DATA SECTION:

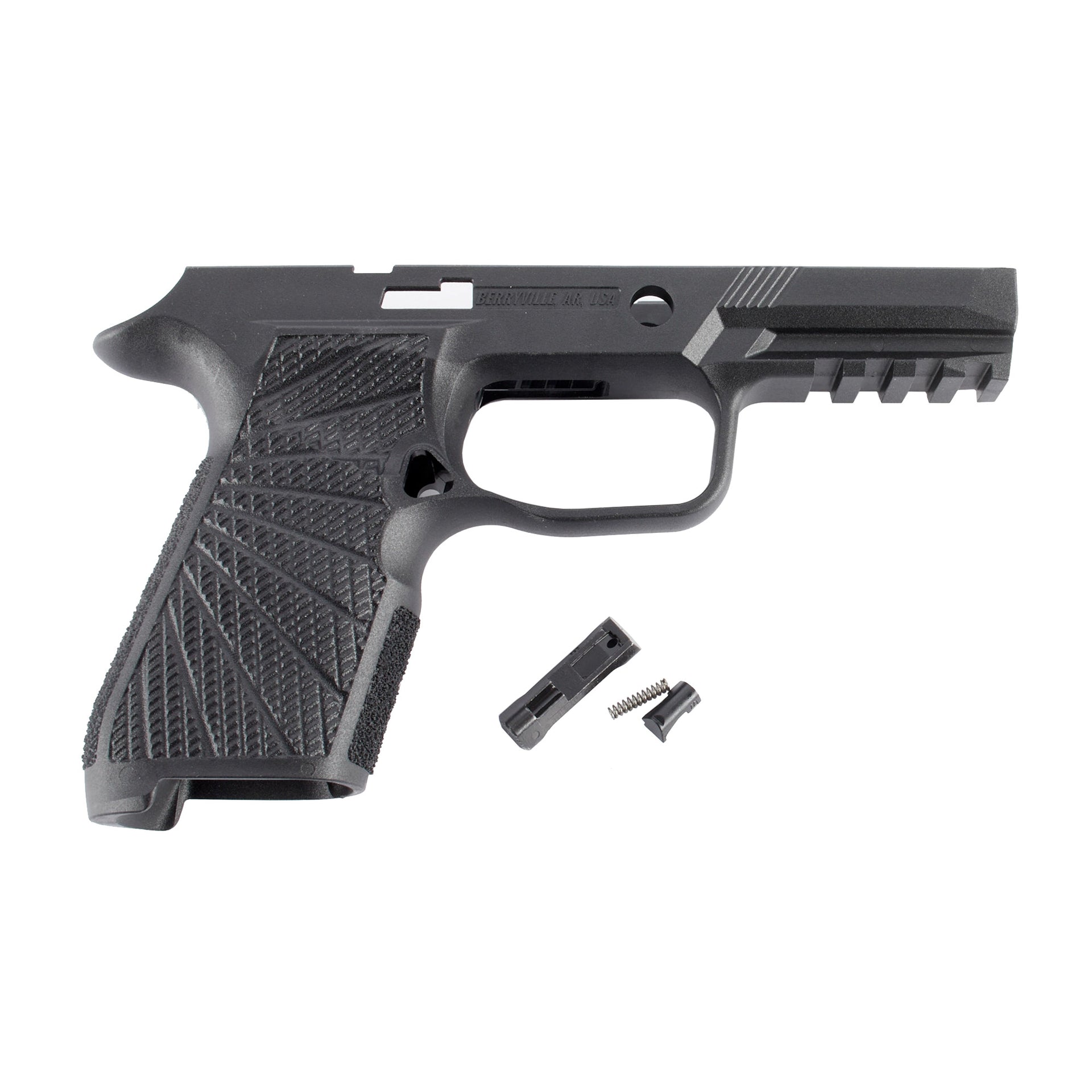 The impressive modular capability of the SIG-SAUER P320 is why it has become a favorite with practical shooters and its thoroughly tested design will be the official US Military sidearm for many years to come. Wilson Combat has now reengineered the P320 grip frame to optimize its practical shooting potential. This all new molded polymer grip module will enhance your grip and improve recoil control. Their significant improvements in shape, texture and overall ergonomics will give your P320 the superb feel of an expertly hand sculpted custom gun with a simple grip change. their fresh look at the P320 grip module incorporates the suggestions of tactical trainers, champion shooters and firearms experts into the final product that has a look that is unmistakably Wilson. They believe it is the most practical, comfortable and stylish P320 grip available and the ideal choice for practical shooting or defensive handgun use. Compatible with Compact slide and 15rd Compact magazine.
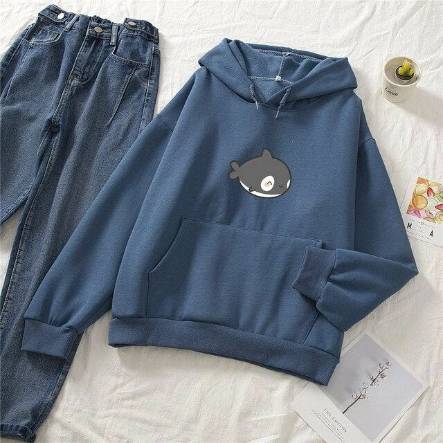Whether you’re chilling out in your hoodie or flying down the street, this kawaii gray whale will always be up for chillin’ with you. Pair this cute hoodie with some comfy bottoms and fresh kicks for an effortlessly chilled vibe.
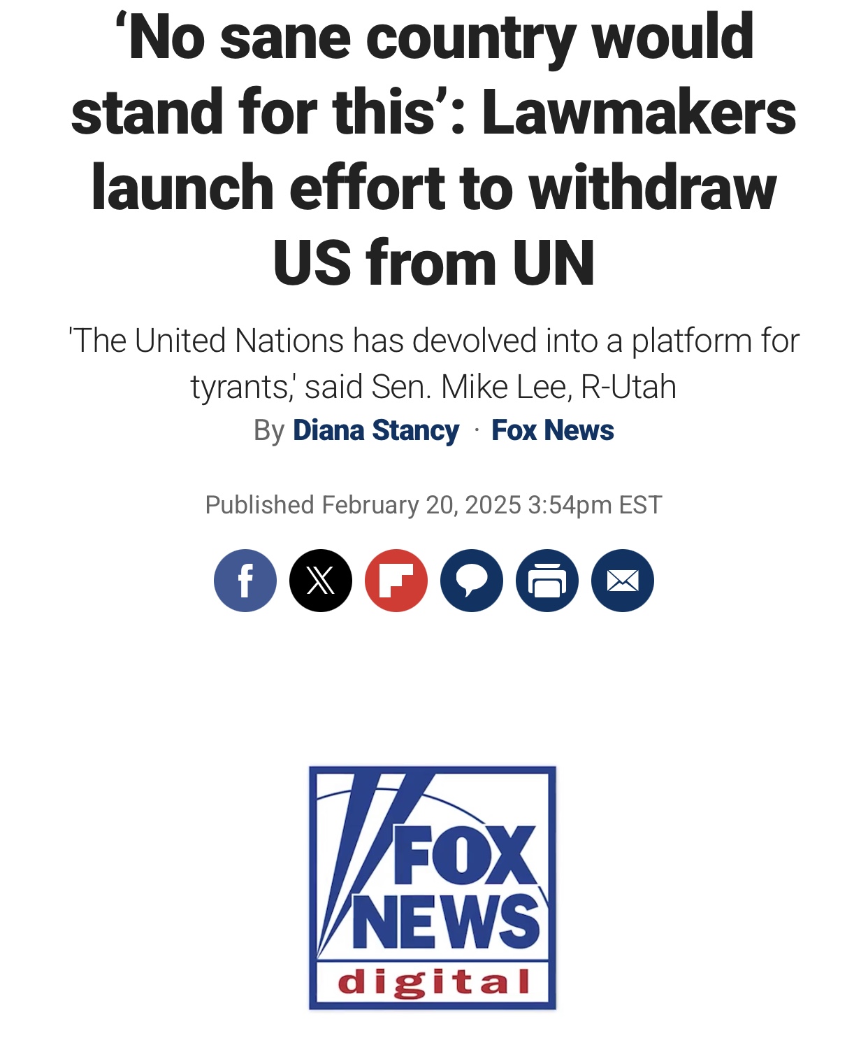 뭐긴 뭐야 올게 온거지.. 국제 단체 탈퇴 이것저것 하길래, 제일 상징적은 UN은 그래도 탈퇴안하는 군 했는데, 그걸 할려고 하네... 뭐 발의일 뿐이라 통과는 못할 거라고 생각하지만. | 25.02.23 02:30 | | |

EXERCISE DIRECTIONS: Copy all the material word for word, minus its pictures.

EXERCISE SOLUTION:
 The impressive modular capability of the SIG-SAUER P320 is why it has become a favorite with practical shooters and its thoroughly tested design will be the official US Military sidearm for many years to come. Wilson Combat has now reengineered the P320 grip frame to optimize its practical shooting potential. This all new molded polymer grip module will enhance your grip and improve recoil control. Their significant improvements in shape, texture and overall ergonomics will give your P320 the superb feel of an expertly hand sculpted custom gun with a simple grip change. their fresh look at the P320 grip module incorporates the suggestions of tactical trainers, champion shooters and firearms experts into the final product that has a look that is unmistakably Wilson. They believe it is the most practical, comfortable and stylish P320 grip available and the ideal choice for practical shooting or defensive handgun use. Compatible with Compact slide and 15rd Compact magazine.
Whether you’re chilling out in your hoodie or flying down the street, this kawaii gray whale will always be up for chillin’ with you. Pair this cute hoodie with some comfy bottoms and fresh kicks for an effortlessly chilled vibe.
 뭐긴 뭐야 올게 온거지.. 국제 단체 탈퇴 이것저것 하길래, 제일 상징적은 UN은 그래도 탈퇴안하는 군 했는데, 그걸 할려고 하네... 뭐 발의일 뿐이라 통과는 못할 거라고 생각하지만. | 25.02.23 02:30 | | |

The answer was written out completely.